┌──

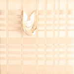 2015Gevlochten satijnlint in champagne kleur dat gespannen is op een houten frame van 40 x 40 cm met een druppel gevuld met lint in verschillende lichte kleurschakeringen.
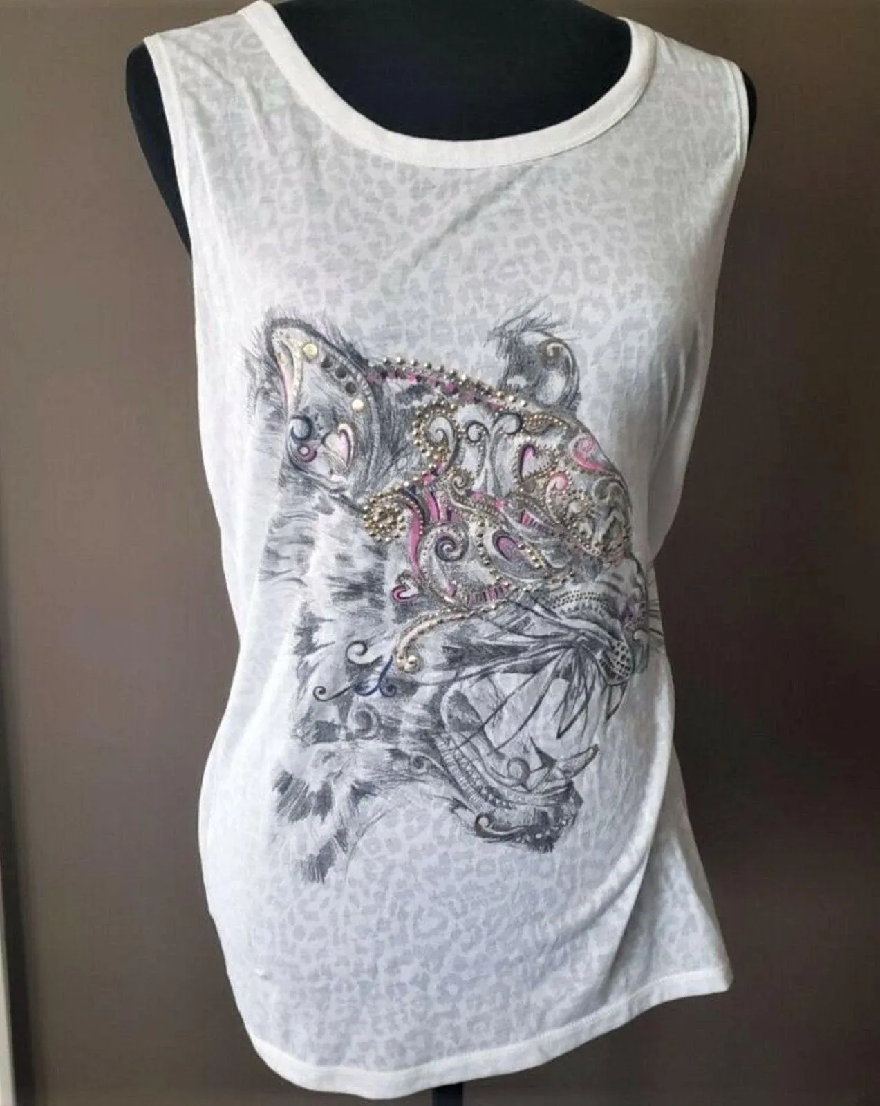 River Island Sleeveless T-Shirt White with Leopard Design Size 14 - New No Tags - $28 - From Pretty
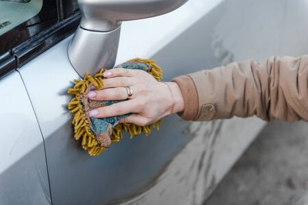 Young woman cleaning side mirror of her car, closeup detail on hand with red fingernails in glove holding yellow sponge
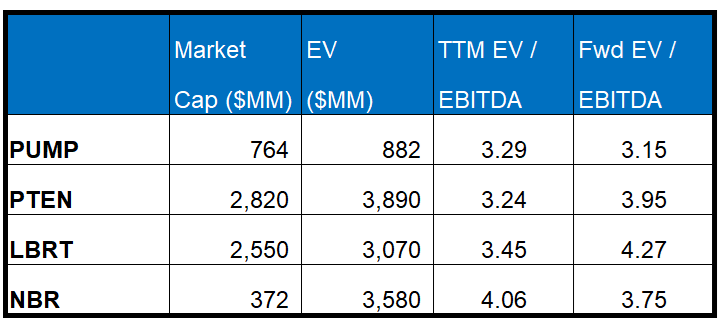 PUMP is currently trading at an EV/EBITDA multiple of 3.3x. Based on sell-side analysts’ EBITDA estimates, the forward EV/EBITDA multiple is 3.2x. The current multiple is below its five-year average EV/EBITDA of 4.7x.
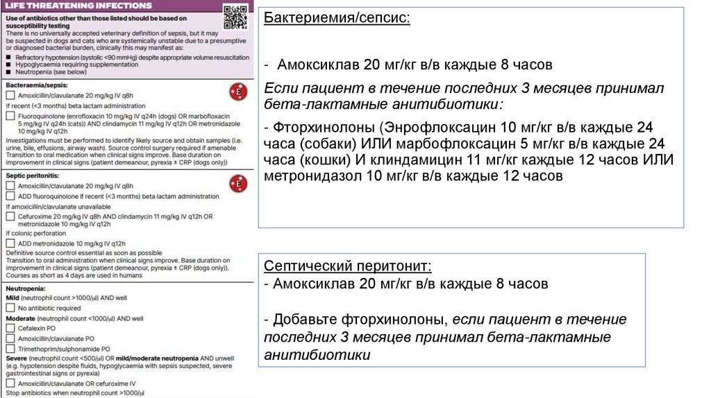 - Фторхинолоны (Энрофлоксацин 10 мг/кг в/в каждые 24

└──

**Task requirements**
The expected output is the lines from the line that contains "Young woman cleaning" through the last line of the material, reproduced exactly, with both ends present and pictures absent.

**Result of the task**
 Young woman cleaning side mirror of her car, closeup detail on hand with red fingernails in glove holding yellow sponge
 PUMP is currently trading at an EV/EBITDA multiple of 3.3x. Based on sell-side analysts’ EBITDA estimates, the forward EV/EBITDA multiple is 3.2x. The current multiple is below its five-year average EV/EBITDA of 4.7x.
 - Фторхинолоны (Энрофлоксацин 10 мг/кг в/в каждые 24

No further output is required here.